Add static IP address for outbound traffic without the use of App Service Environment
There are many reasons you may want to have a static IP address for outbound connections. For example, you may be accessing a system which requires you to whitelist IP address in a firewall, such as SQL Database or an external service.
Currently, the only way to get a static IP address for outbound connections is to use App Service Environment. App Service Environments are quite complex, and has a very high price tag. You need at least 4 instances, 2 of which must be P2, meaning you'll pay at least 1000 EUR/month. Paying 1000 EUR/month just because you want a static IP address is obviously ridiculous.
I'm looking forward to being able to use a static IP address without an App Service Environment.

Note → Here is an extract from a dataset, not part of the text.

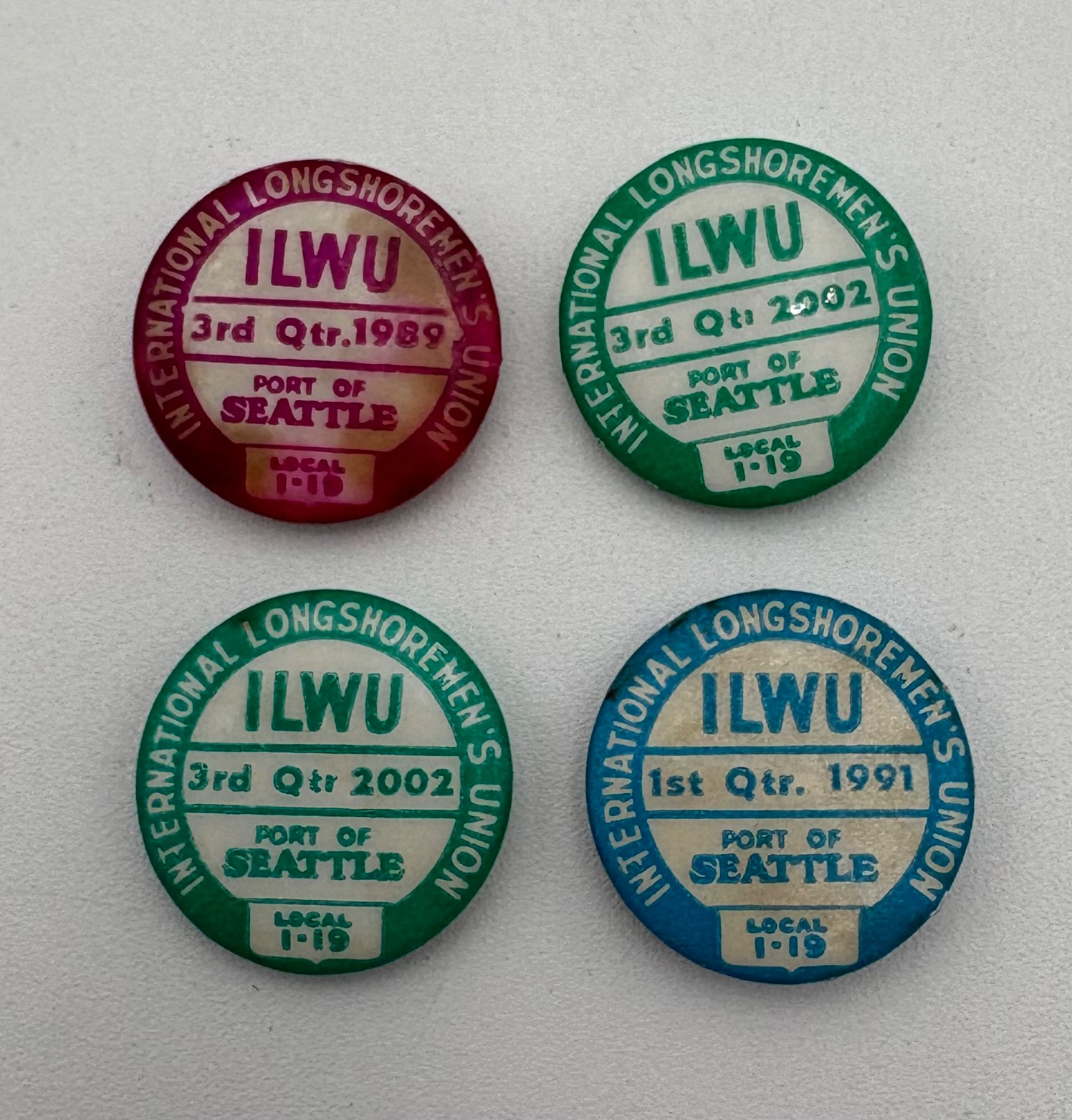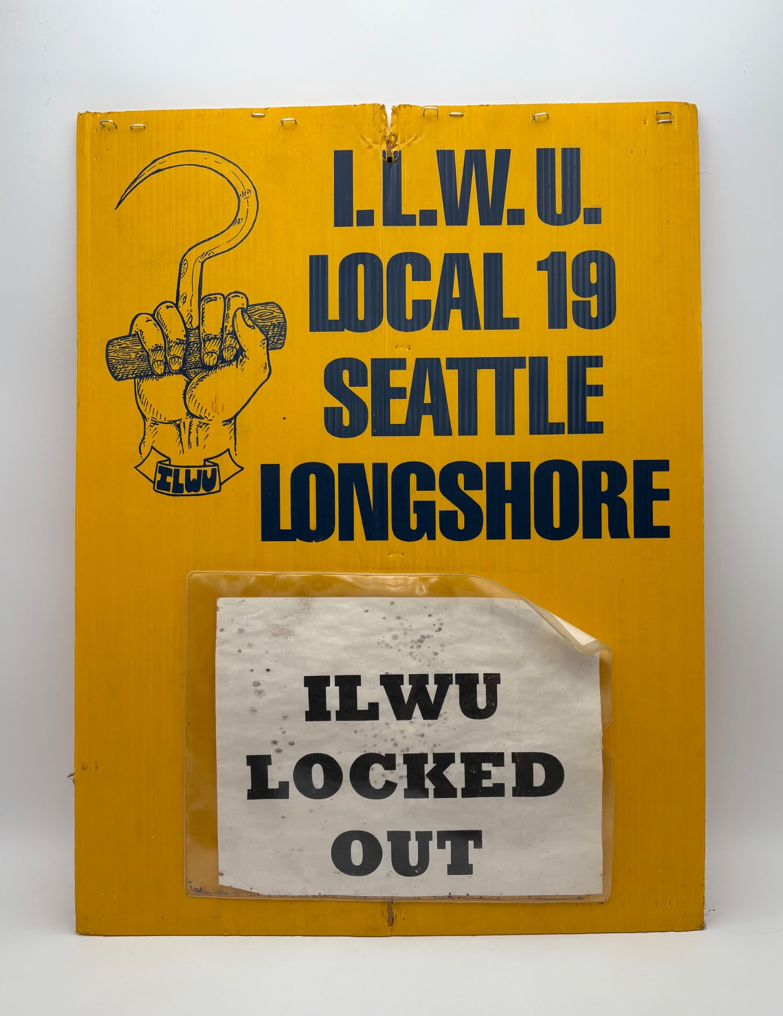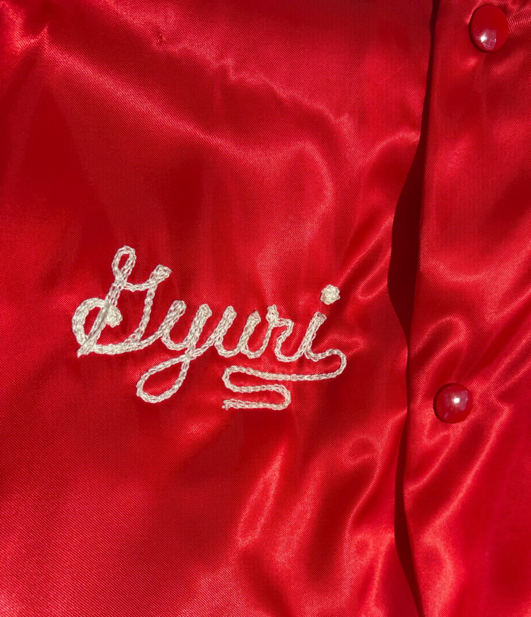 Lovely retro satin baseball jacket in brilliant red. Appears never to have been worn! Striped red and white elasticated collar, cuffs, and waistband. Snap front closure. From Dan Allison Athletics of Rochester, New York. Has "GYURI" embroidered in white script on the front and the longshoreman‘s union (ILWU) with a ship on the back. This jacket is very good quality with a quilted white lining and in a hard-to-find size: XL - it measures 25" pit to pit. Bonus: Seattle longshoreman’s strike placard in yellow used during a labor dispute. Measures 24" H x 18" W. Also included are 4 ILWU buttons.

You can now use a NAT Gateway integration to have a static IP address for outbound requests.
https://azure.github.io/AppService/2020/11/15/web-app-nat-gateway.html
Best,
Jason
54 comments
-
Kostas commented
You cannot use the solution Jason presented with Consumption plan functions. This increases the costs a lot as you need to have a NAT Gateway AND your functions on at least the Standard plan.
Exactly the opposite of what we'd like to achieve when building a micro architecture environment with a lot of passive functions in the deeper layers. You just want to be able deploy a function that is able to securely access / push some data now and then, or in a timed fashion trigger some actions on IP whitelistend endpoints to keep cache warm for example.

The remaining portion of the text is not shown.